Former Secretary of the Treasury, US senator and squadron commander Lloyd Bentsen flew 35 missions in Liberators in the European theater. Actors Jimmy Stewart and Walter Matthau, former senator George McGovern and Joseph Kennedy, Jr. served on B-24s. With so many of the craft in the air during WWII, it wasn't difficult to find someone who was a Lib crewmember.

As the years roll on and we commemorate the 60th, 75th and even 100th anniversary of the end of WWII, the Liberator pilots, tail gunners and crew chiefs will be gone. This is reason enough for the International B-24 Liberator Club to exist. By providing a forum for former crewmen to tell their stories, the club preserves an important part of US history and aviation history as well.

B-24 Liberator Club For 40 years, the club sent Briefing, the B-24 Liberator Clubs publication, to its members around the world. The Briefing contained news stories about renovation projects and research efforts, articles submitted by B-24 veterans about missions and events during WWII, a calendar of upcoming crew reunions, air show schedules and cartoons. In addition, over a third of the publication was dedicated to letters from members and their families; letters seeking former flight buddies, telling tales from the war, remembering fallen friends, failed flights and phenomenal victories.

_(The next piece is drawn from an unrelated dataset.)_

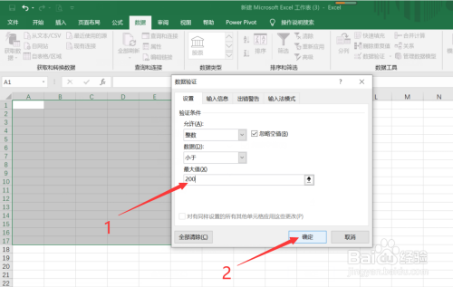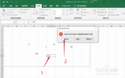 第五步:这样就只能输入比200小的数字了,输入其它数字就会提醒不匹配,点击【重试】

By publishing the Briefing and by sponsoring aircraft exhibits, flying displays and speaking engagements, the club educated the public about a historic aircraft whose first mission took place long before many of today's citizens were born. The new eMagazine, Bomber Legends, is now carrying on that mission.

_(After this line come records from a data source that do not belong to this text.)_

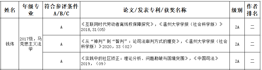 为进一步激励我校研究生勤奋学习、潜心科研,努力提升我校研究生人才培养质量。根据《太阳成集团优秀研究生评审办法》文件精神,学校开展研究生“学术新锐奖”的推荐评选工作。通知发出后,我院17级研究生钱伟同学在规定时间内提交了评选材料,经学院组织评审,钱伟同学符合评选条件。现推荐到学校参加评选。相关信息公示如下: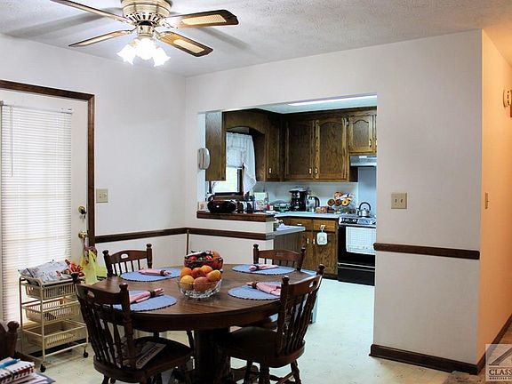 Customized plan, well built and well maintained, the roof is only 6 +- months old! This wonderful split plan design features 3 bedrooms and 2 bath. The living room features an oversized brick fireplace and opens to the spacious dining area. The kitchen features custom build wood cabinets with plenty of counter and storage space. There is a garage with storage closets, as well as detached storage buildings. One of the outbuildings has electricity and water and was legally permitted as a barber shop, this would be a great building for many purposes! Spacious 0.67 acre lot sits above grade, has mature landscaping, beautiful trees, a garden spot, and more. Features a front porch and a rear deck!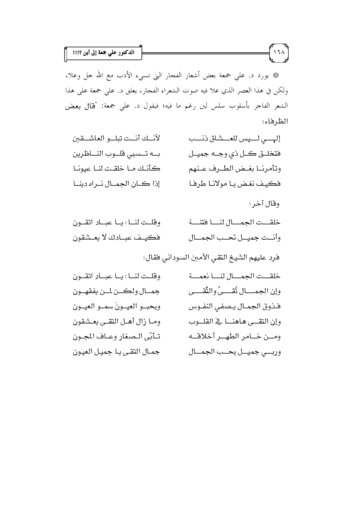 * يورد د. علي جمعة بعض أشعار الفجار التي تسيء الأدب مع الله جل وعلا، ولكن في هذا العصر الذي علا فيه صوت الشعراء الفجار، يعلق د. علي جمعة على هذا الشعر الفاجر بأسلوب سلس لين رغم ما فيه؛ فيقول د. علي جمعة: "قال بعض الظرفاء:

B-24 Liberator Club The B-24 Liberator Club will remain a part of the new Bomber Legends organization. It is an archive of B-24 material from around the world. The collection contains many thousands of first-hand accounts and photographs, many never before published. A collection of over 500 books on the B-24 and PB4Y, many being personal accounts and stories. It houses thousands of letters sent in by veterans, and their families, on their experiences with the Liberator and Navy Privateer, as well as numerous personal collections and scrapbooks from B-24 veterans. The collection also includes thousands of files dedicated to the history of the B-24 and PB4Y and the units who flew them, collected over the past 40 years from its members around the world and numerous service manuals.

Bomber Legends is the caretaker of the B-24 Liberator Club, and uses the archives and material to help keep the memories and history of the B-24 and PB4Y alive. It is believed the club is the largest single archives dedicated to the B-24 and PB4Y in the world.